ON APRIL 7, 1964, Janet Hanson and two unnamed picketers threw themselves beneath the shovel of a bulldozer at the construction site of Stephen E. Howe Elementary School. The Rev. Bruce Klunder, taking orders from his fellow Congress of Racial Equality member, Antoine Perot, lay behind it.

The school was one of three being built to resolve overcrowding after more than 1,000 Black students were finally being integrated into white classrooms. (Until that February, a decade after the passage of Brown v. the Board of Education in Topeka, 93% of Cleveland’s elementary schools were still segregated.) Cleveland Board of Education’s solution: build new schools — in Glenville. Cleveland’s United Freedom Movement cried “ghetto schools.” When its requests were ignored, civil rights proponents publicly assembled.

Fifty picketers watched as John White put the bulldozer in reverse. The machinery drowned out a girl’s scream. White rolled over Klunder. One of the picketers who’d joined Hanson recalled White saying, “I didn’t know he was there.” White stepped off the tractor in a daze, police restraining a small mob that rushed toward him.

Riots followed.
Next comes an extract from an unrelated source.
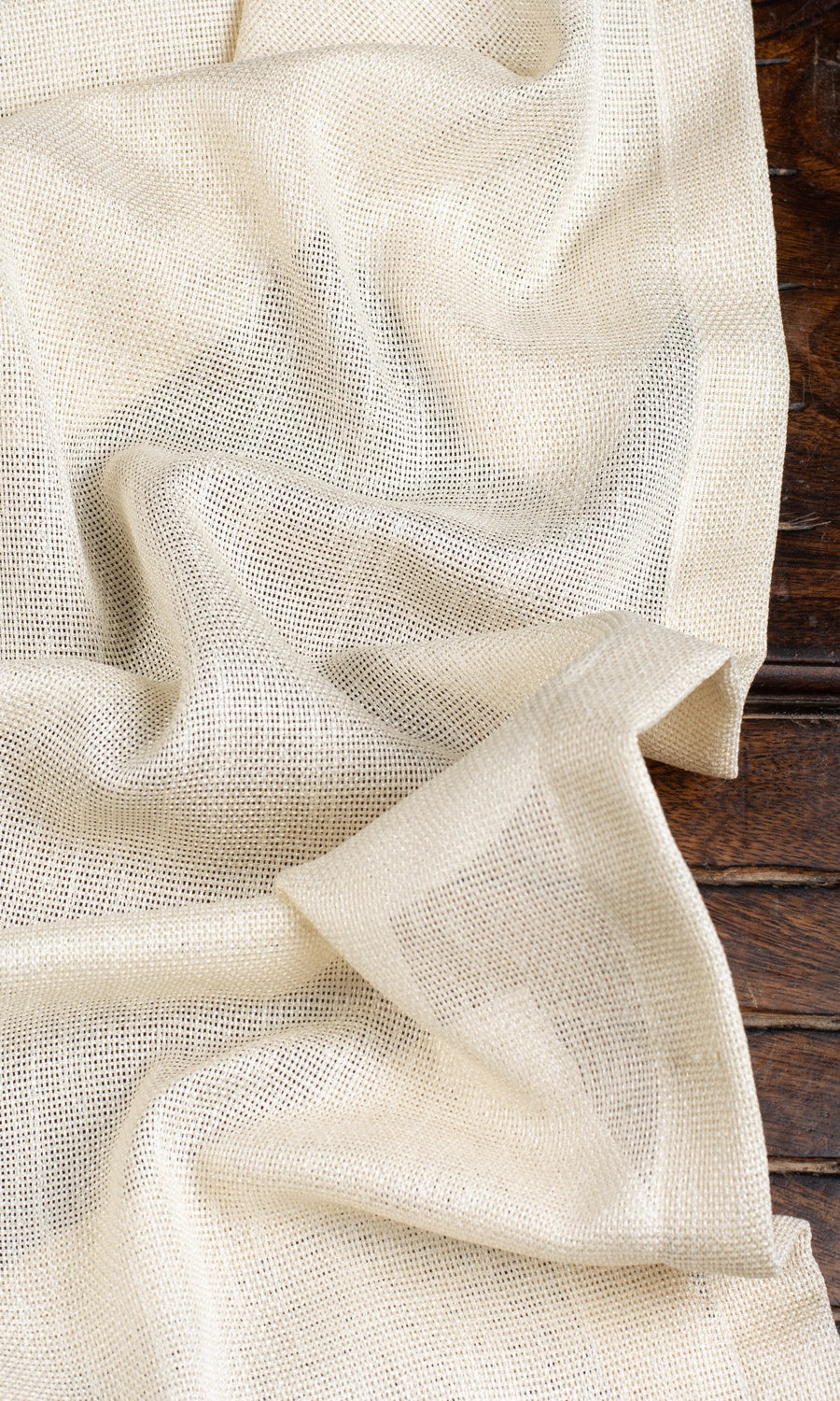 Simplicity and warmth in equal measure - 'Kalista' is a warm ivory open weave fabric that evokes the feel of summer fields and coastal escapes. Light and easy, golden and breezy, this sheer keeps your spaces visually light and fresh. Be it a rustic wood cabin in the forest, a dreamy escape in the desert or a quiet minimalist home in the city, this is the piece that can ground the space in an earthy quality and relaxed mood.

In a crowd of about 3,500, cars were flipped, tear gas employed. Thirteen were injured, including police. Twenty-six were arrested. “[B]y virtue of being Communists,” Mayor Ralph Locher said, the protestors “have no respect for the law.”

Despite a two-week truce, seven days later construction resumed. Locher and school board president, Ralph McAllister, refused to meet with civil rights groups, even as nearly 60,000 Black students attended alternate “freedom schools.” It would take federal involvement and the 1976 ruling of Reed v. Rhodes to implement desegregation in Cleveland. Of the three then-controversial schools, Stephen E. Howe Elementary closed in 2006.